A board showing currency exchange rates, in front of a monument to Prince Yury Dolgoruky, who founded Moscow in 1147, in the capital Moscow, Dec. 1, 2014.
A board showing currency exchange rates, in front of a monument to Prince Yury Dolgoruky, who founded Moscow in 1147, in the capital Moscow, Dec. 1, 2014.

Russia is predicting it will slide into a recession next year.

Moscow's economic development ministry said Tuesday it is forecasting the Russian economy will contract eight-tenths of a percent in 2015, down from an earlier projection of a 1.2 percent advance.

Russia's economic fortunes are being buffeted by falling revenues on oil exports, the backbone of the state budget, and Western sanctions linked to Russia's intervention in Ukraine.

The sanctions are hurting Russian banks and investment in the country is falling, while the value of the Russian currency, the ruble, against the U.S. dollar has dropped by more than 40 percent this year.

The economic ministry said that its earlier, more robust prediction assumed that the sanctions imposed by the United States and European countries would be lifted next year, but said the new projection assumes "continuing strong geopolitical risks." The forecast sees more "capital flight" from Russia, a drop of $125 billion in investment instead of the earlier $100-billion estimate.
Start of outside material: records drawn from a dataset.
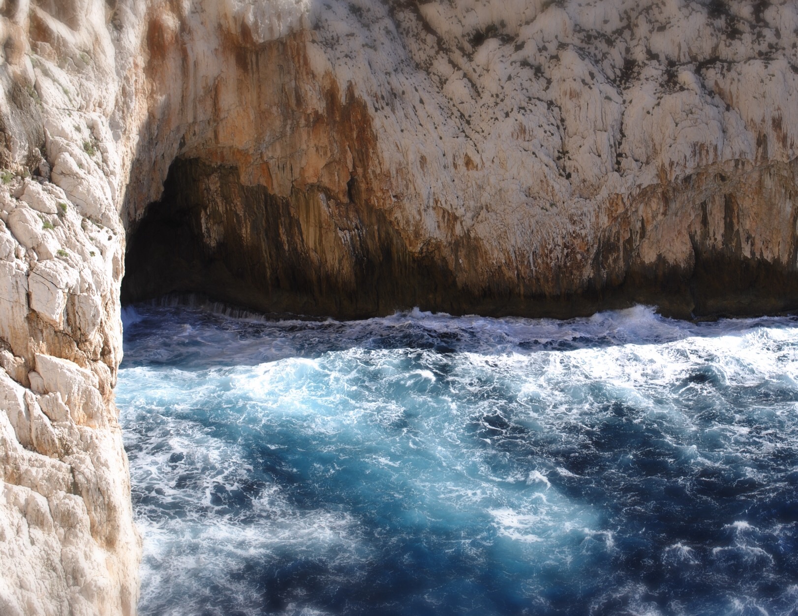 But there are steps. They cling to the cliff edge, gradually descending into the sea. We follow them, not quite knowing what we’ll find at the bottom. It’s not until they curl inside the mouth of a cave that we realise we’ve stumbled upon Neptune’s Grotto – one of the most renown stalactite caves on the island.
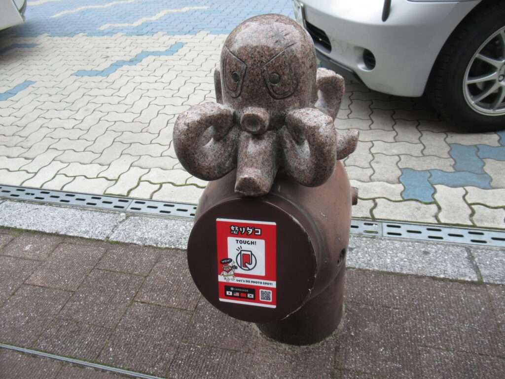 三原駅南口から三原港へ向かう道、マリンロードでございますが、ここの道の両サイド、船舶係留の柱をモチーフにした車止めには、三原市の特産物であるタコの像が勢揃いし、ユニークな石像シリーズになっております。全部で10体あるうちの一つ、「びくびくダコ」でございます。
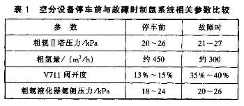 停運粗氬液化器和精氬塔的第二天,塔皮上的結(jié)霜現(xiàn)象消除,據(jù)此進一步確認為V711閥后管道泄漏。
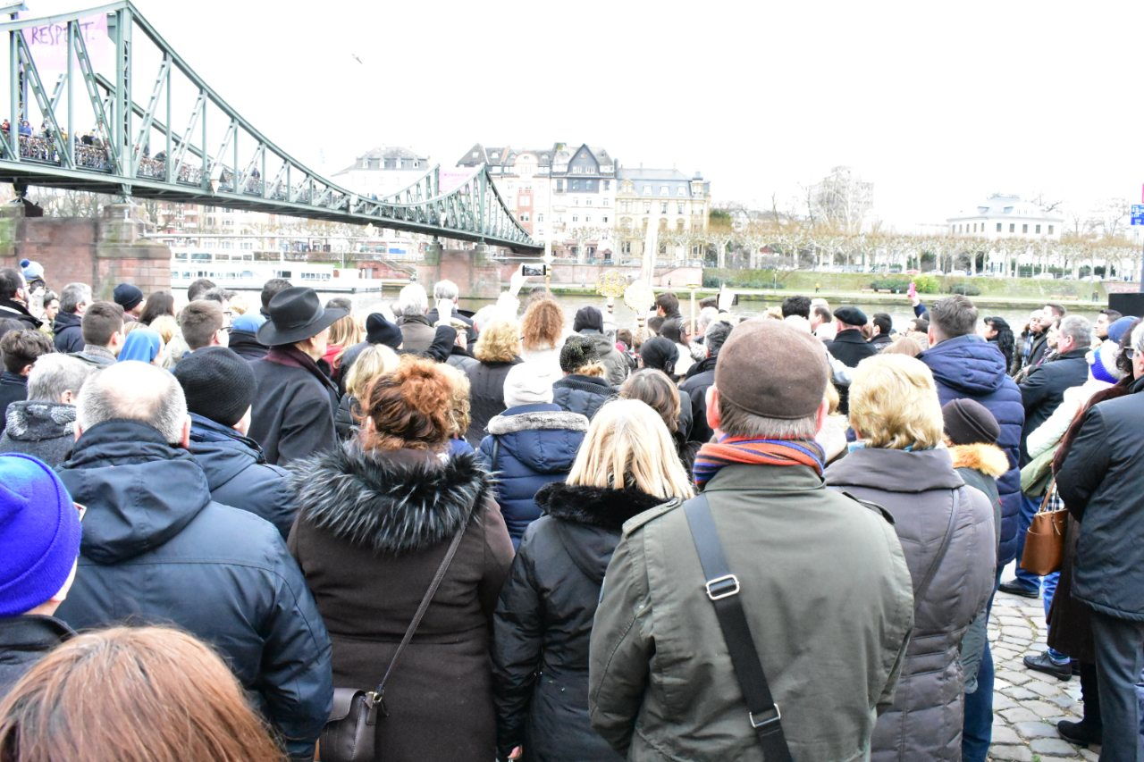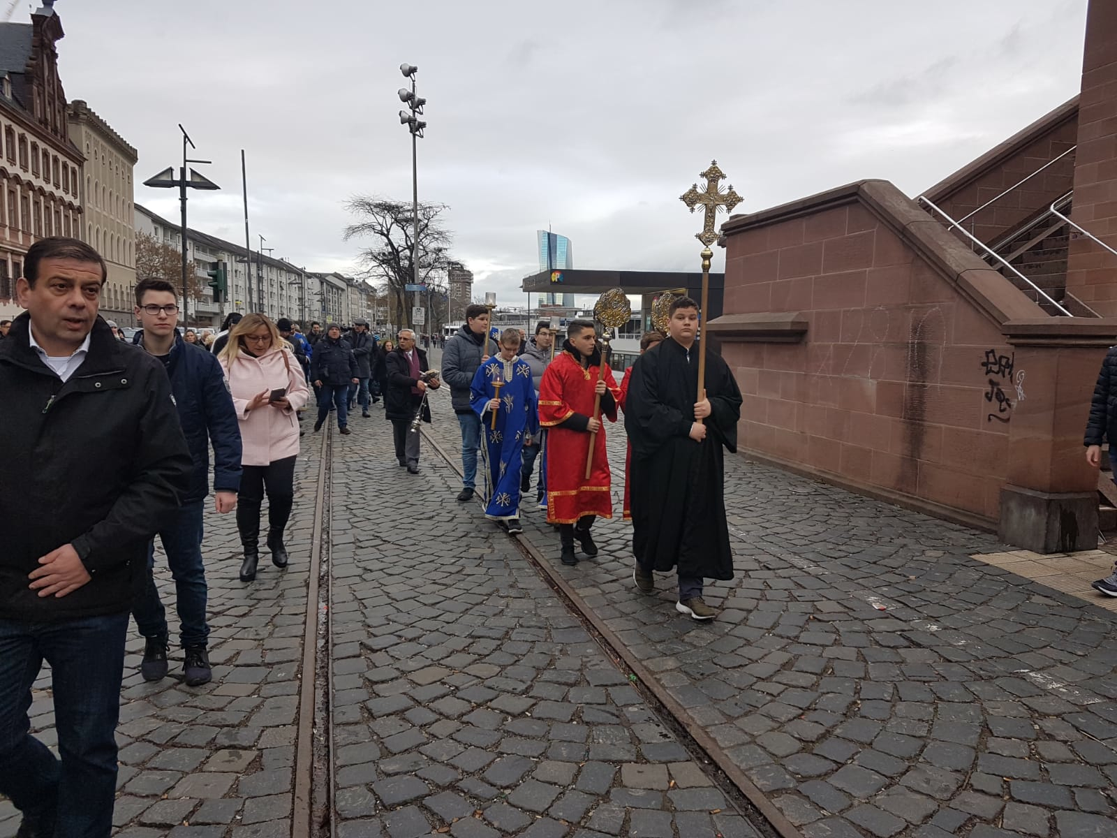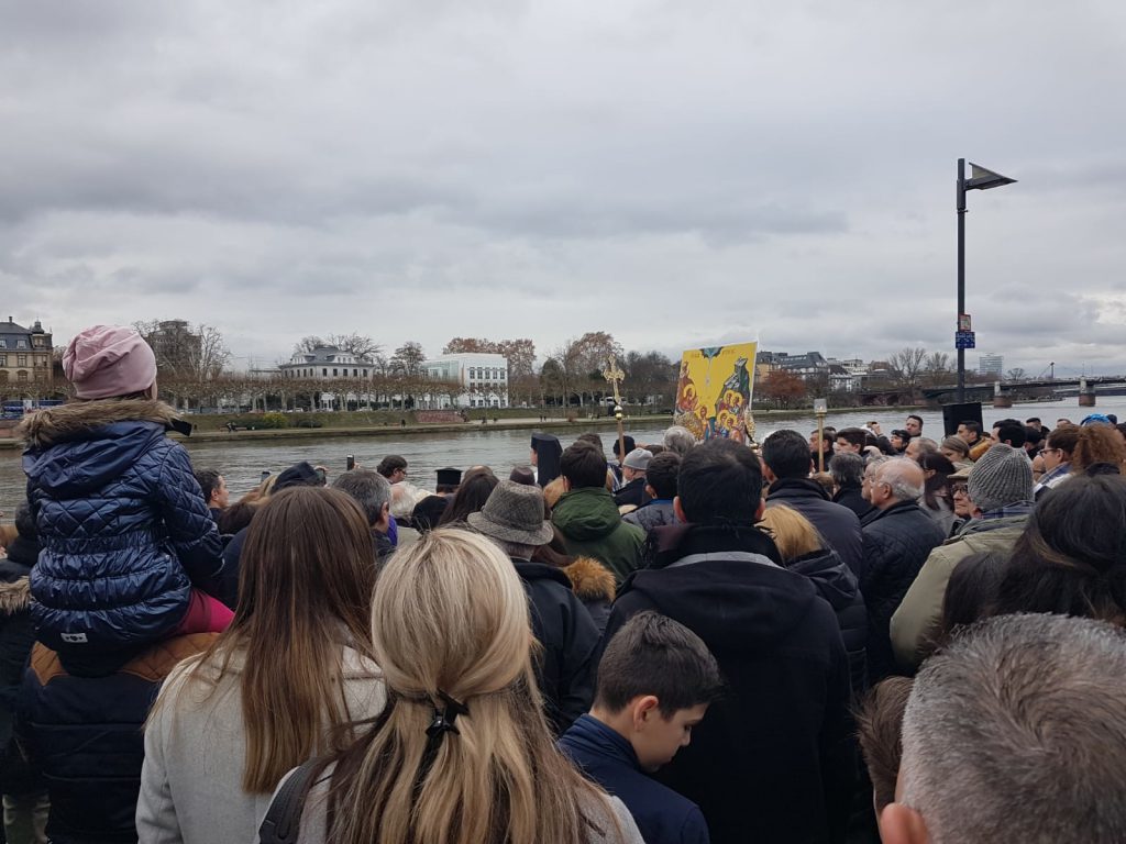 Όπως κάθε χρόνο τα τελευταία χρόνια, έτσι και φέτος, είχε τελεστεί ο Αγιασμός των υδάτων την Κυριακή στις 6 Ιανουαρίου στην πόλη της Φραγκφούρτης με την κατάδυση του Τιμίου Σταυρού στα παγωμένα νερά του ποταμού Main και τη συμμετοχή των δυο Ελληνικών Εκκλησιών του Αγίου Γεωργίου και του προφήτου Ηλία, αλλά και της Ρουμανικής Εκκλησίας. Τη δοξολογία που ξεκίνησε από το δημαρχείο της πόλης και κατέληξε στην όχθη του ποταμού και δίπλα στη γέφυρα Eiserner Steg παρακολούθησε και η Γενική πρόξενος της Ελλάδας στη Φραγκφούρτη κυρία Μαρία Ζήση. Επίσης στον χώρο παραβρέθηκε και πλήθος κόσμου και από τις τρεις Εκκλησίες.

Russia's economy has been particularly hard hit by falling oil revenues, with the price of crude oil on world markets dropping by a third since June to $70 a barrel or lower.

With the fall in the value of the ruble, inflation in Russia has accelerated, and could hit 9 percent in the coming weeks. The economic ministry estimated that the real incomes of Russians will diminish by 2.8 percent next year instead of the earlier prediction of a gain of four-tenths of a percent.

The decline in the Russian economy is in line with gloomier prospects throughout the world, except in the United States, where the world's largest economy is showing marked improvement. Europe's 18-nation euro currency bloc, collectively the world's largest economy, is near a recession, while China's economy is slowing and the Japanese economy already is in a recession.